Exercise brief ::
Below is a listing. Write out exactly its lines between the one holding "AITA for telling" and the one holding "Салфетки для стирки", inclusive.

Material to process ::
Segment Open
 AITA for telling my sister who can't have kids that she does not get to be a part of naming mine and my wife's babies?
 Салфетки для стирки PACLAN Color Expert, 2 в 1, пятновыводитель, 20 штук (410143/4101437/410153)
Segment Closed
Segment Open
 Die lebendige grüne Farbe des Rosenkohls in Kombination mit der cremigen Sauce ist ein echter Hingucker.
Segment Closed
Segment Open
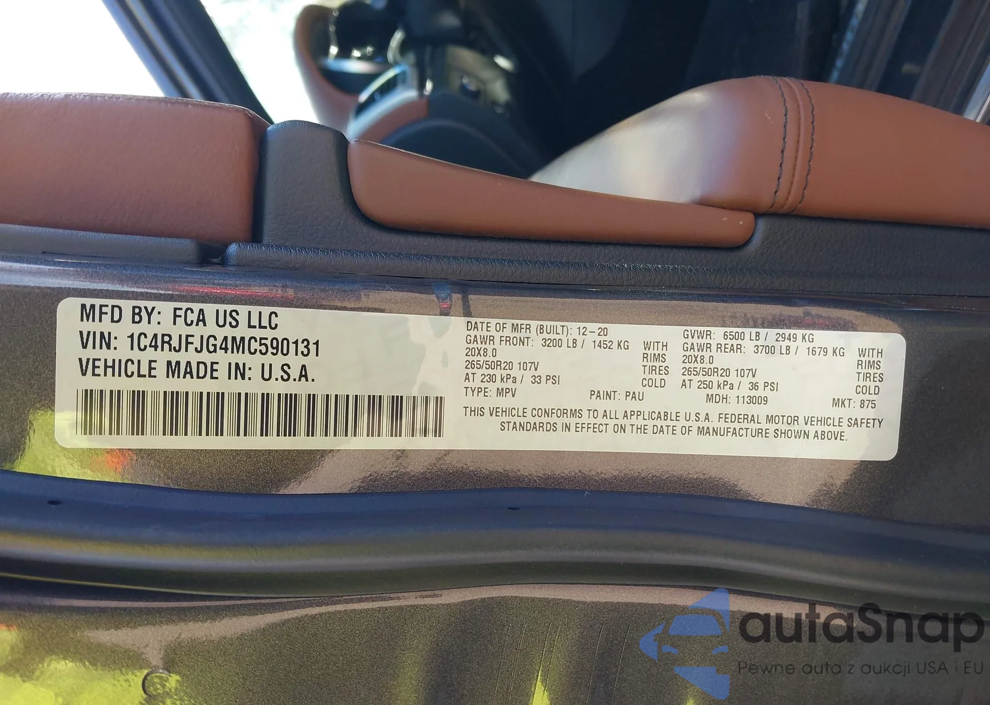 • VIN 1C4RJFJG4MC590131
Segment Closed
Response below ::
 AITA for telling my sister who can't have kids that she does not get to be a part of naming mine and my wife's babies?
 Салфетки для стирки PACLAN Color Expert, 2 в 1, пятновыводитель, 20 штук (410143/4101437/410153)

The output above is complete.